Search code examples
node.jsmongodbmongoskin

rename collection vs updating collection


I have a mongo DB which i need to update daily(delete non relevant documents and add new ones). the DB is not sharded.

I take the data from an external data master which is not so easy to work with.

There are 2 options: 1. reingest the entire DB (not so big) into a temp collection and then rename it to old collection name (with dropTarget set to true) 2. do the hard work myself, delete the old entires, and figure out from the data master which new documents are relavant and insert them to the DB

option 1 is prefrable obviously but what is the impact? I'm doing this maintenance in a late hour but I don't want the users to get errors when querying the DB during the rename process.

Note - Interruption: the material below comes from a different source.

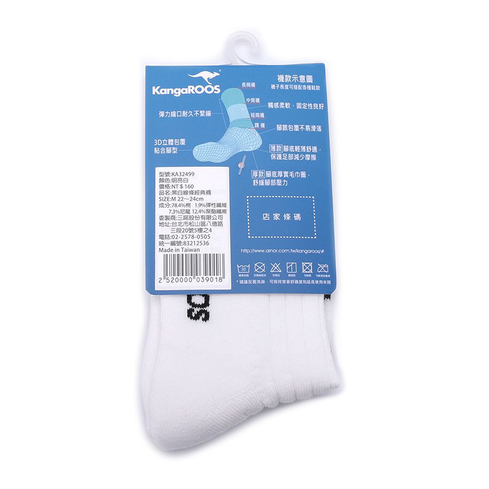 KANGAROOS 經典線條1/2襪 白 KA32499

Is using rename to overwrite a collection a standard way to get things done or am I abusing the API ? :)


Solution

  • According to the documentation renameCollection blocks all database activity for the duration of the operation. If your users have set a sufficiently large time out , they will not directly be affected by this rename operation, however, as the dataset can change under their feet there might be side effects. For example, renaming a collection can invalidate open cursors which interrupts queries that are currently returning data.

    Regarding renaming of collections in production, personally I would avoid this where possible, firstly because of the cursor issue above, but more importantly because an incomplete renameCollection operation can leave the target collection in an unusable state and require manual intervention to clean up. Instead I would use an update with upsert:true that overwrites the entire document or inserts a new record if it doesn't exist.